● **Recorded information**:
※

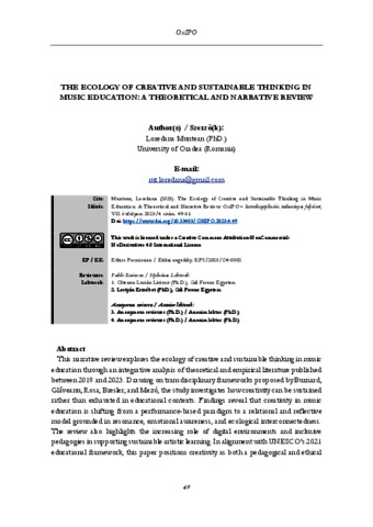 This narrative review explores the ecology of creative and sustainable thinking in music education through an integrative analysis of theoretical and empirical literature published between 2019 and 2025. Drawing on transdisciplinary frameworks proposed by Burnard, Glăveanu, Rosa, Bresler, and Mező, the study investigates how creativity can be sustained rather than exhausted in educational contexts. Findings reveal that creativity in musiceducation is shifting from a performance-based paradigm to a relational and reflective model grounded in resonance, emotional awareness, and ecological interconnectedness. The review also highlights the increasing role of digital environments and inclusivepedagogies in supporting sustainable artistic learning. In alignment with UNESCO’s 2021 educational framework, this paper positions creativity as both a pedagogical and ethical responsibility - an ongoing rhythm that connects knowledge, emotion, and culture in adynamic process of renewal. | A tanulmány a kreatív és fenntartható gondolkodás összefüggésrendszerét vizsgálja a zenei nevelésben, a 2019 és 2025 között megjelent elméleti és empirikus szakirodalom narratív elemzése alapján. Burnard, Glăveanu, Rosa, Bresler és Mező transzdiszciplináris megközelítéseire építve a kutatás azt tárja fel, miként tartható fenn - és nem kimeríthető - a kreativitás az oktatási folyamatokban. Az eredmények azt mutatják, hogy a zenei nevelésben a kreativitás a teljesítményközpontú paradigmáról egyre inkább egy relációs és reflektív modell felé mozdul el, amelyet a rezonancia, az érzelmi tudatosság és a kapcsolatrendszerek dinamikája jellemez. A tanulmány kiemeli a digitális tanulási környezetek és az inkluzív pedagógiai megközelítések növekvő szerepét a fenntartható művészeti tanulás támogatásában. Az UNESCO 2021-as oktatási keretrendszerével összhangban a kutatás a kreativitást pedagógiai és etikai felelősségként értelmezi - mint egy folyamatos ritmust, amely az ismeretet, az érzelmet és a kultúrát dinamikus megújulásban kapcsolja össze.
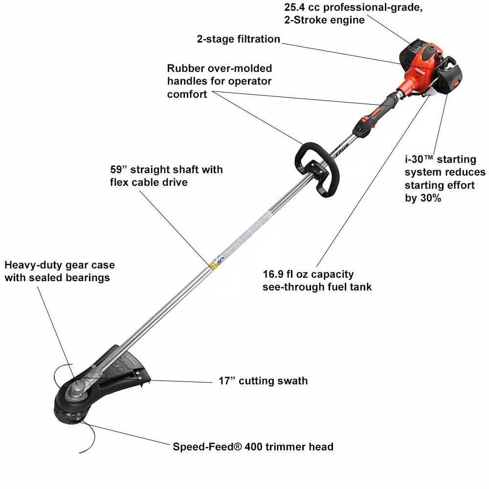 Echo 25.4cc Straight Shaft Trimmer has a strong engine and the handle grips let the user operate it in comfort. i-30 starting system for reduced effort starting. 2-stage commercial-grade air filtration for long engine life. Ergonomic cushioned front and rear handles for increased comfort. Speed-Feed 400 cutting head reloads in seconds without tools or disassembly. Cylinder/piston plating for increased engine life.
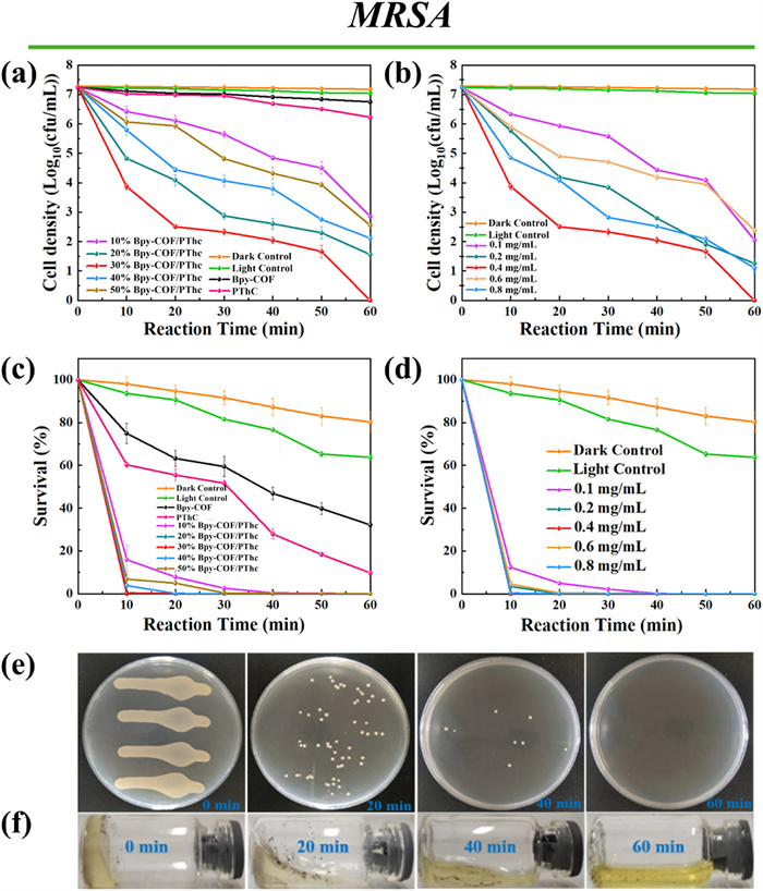 Figure 3.  The effects of different proportions of Bpy-COF/PThC on (a) cell density and (b) bacterial survival rate of MRSA. The effects of different concentrations of 30% Bpy-COF/PThC on (c) cell density and (d) bacterial survival rate of MRSA. Photos of (e) MRSA colonies on agar plates and (f) rabbit plasma flow after treatment with 30% Bpy-COF/PThC (0.4 mg/mL) under visible light.

※

● **Work order**: In your reply, please print exactly the lines from the one with "Echo 25.4cc Straight" through the final line of the listing above, both included, and no pictures.

● **Response below**:
 Echo 25.4cc Straight Shaft Trimmer has a strong engine and the handle grips let the user operate it in comfort. i-30 starting system for reduced effort starting. 2-stage commercial-grade air filtration for long engine life. Ergonomic cushioned front and rear handles for increased comfort. Speed-Feed 400 cutting head reloads in seconds without tools or disassembly. Cylinder/piston plating for increased engine life.
 Figure 3.  The effects of different proportions of Bpy-COF/PThC on (a) cell density and (b) bacterial survival rate of MRSA. The effects of different concentrations of 30% Bpy-COF/PThC on (c) cell density and (d) bacterial survival rate of MRSA. Photos of (e) MRSA colonies on agar plates and (f) rabbit plasma flow after treatment with 30% Bpy-COF/PThC (0.4 mg/mL) under visible light.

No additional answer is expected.